#### Exercise data

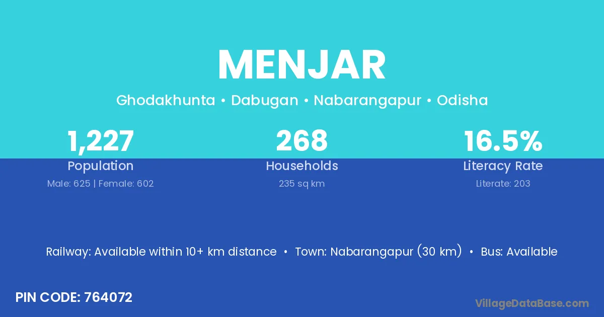 Nabarangapur (30 km) is the nearest town to Menjar village for major economic activities and is located approximately 30 km away.
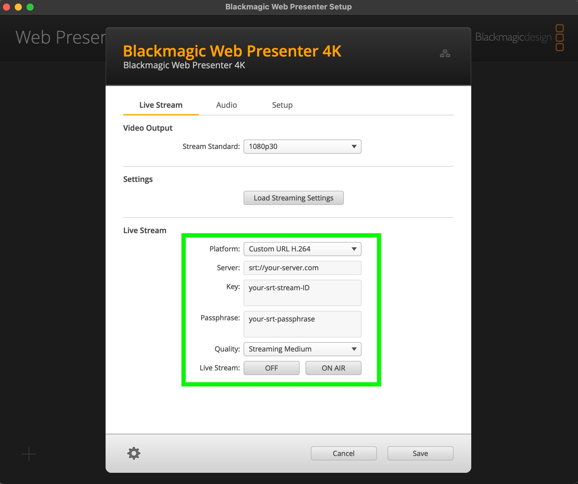 The Blackmagic Web Presenter has a very similar setup. In the Web Presenter Setup application, set the Platform to 'Custom URL H.264' or 'Custom URL H.265' depending on your needs (latency vs quality). Enter the following values (these can be copy/pasted by clicking "show" next to the Stream Source links)
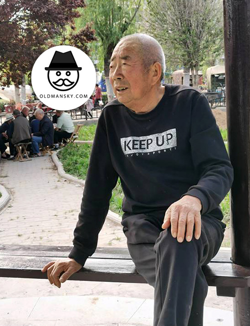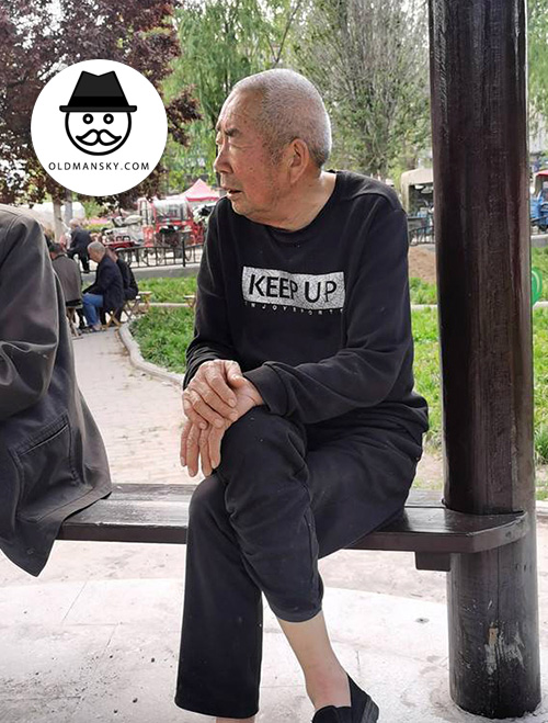 White short hair old man sat to talk in the pavilion
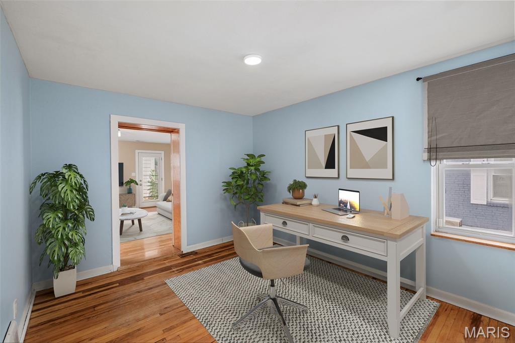MOTIVATED SELLER!! Come see all this home has to offer! Set back on a long driveway, this charming home offers potential in the highly sought-after Webster Groves School District. Ready for your personal touch, the home features solid bones and recent updates that set the stage for your cosmetic vision. Step into the cozy front living room, complete with a wood-burning fireplace and recently tuck-pointed chimney. The main level includes two bedrooms and a full bathroom. The second bedroom offers flexible use—perfect as a guest room, home office, or easily opened to the adjacent family room for expanded living space. Loft-style, primary bedroom on the second floor with ample closet space and large, primary bathroom. The updated kitchen features a full Frigidaire appliance set and opens into a sunny breakfast room. Downstairs, the partially finished basement includes a full bathroom and plenty of space to create a rec room, gym, or guest suite. Additional highlights include: * Washer/dryer hookups in the basement * 2-car detached garage with storage * 2-zoned HVAC system * New PVC sewer line * Tankless hot water heater Don't miss your opportunity to bring your vision to life in this well-maintained home. Fireplace being sold as-is.

#### Assignment
Output the whole listing exactly. Pictures stay out.

#### Answer space
 Nabarangapur (30 km) is the nearest town to Menjar village for major economic activities and is located approximately 30 km away.
 The Blackmagic Web Presenter has a very similar setup. In the Web Presenter Setup application, set the Platform to 'Custom URL H.264' or 'Custom URL H.265' depending on your needs (latency vs quality). Enter the following values (these can be copy/pasted by clicking "show" next to the Stream Source links)
 White short hair old man sat to talk in the pavilion
MOTIVATED SELLER!! Come see all this home has to offer! Set back on a long driveway, this charming home offers potential in the highly sought-after Webster Groves School District. Ready for your personal touch, the home features solid bones and recent updates that set the stage for your cosmetic vision. Step into the cozy front living room, complete with a wood-burning fireplace and recently tuck-pointed chimney. The main level includes two bedrooms and a full bathroom. The second bedroom offers flexible use—perfect as a guest room, home office, or easily opened to the adjacent family room for expanded living space. Loft-style, primary bedroom on the second floor with ample closet space and large, primary bathroom. The updated kitchen features a full Frigidaire appliance set and opens into a sunny breakfast room. Downstairs, the partially finished basement includes a full bathroom and plenty of space to create a rec room, gym, or guest suite. Additional highlights include: * Washer/dryer hookups in the basement * 2-car detached garage with storage * 2-zoned HVAC system * New PVC sewer line * Tankless hot water heater Don't miss your opportunity to bring your vision to life in this well-maintained home. Fireplace being sold as-is.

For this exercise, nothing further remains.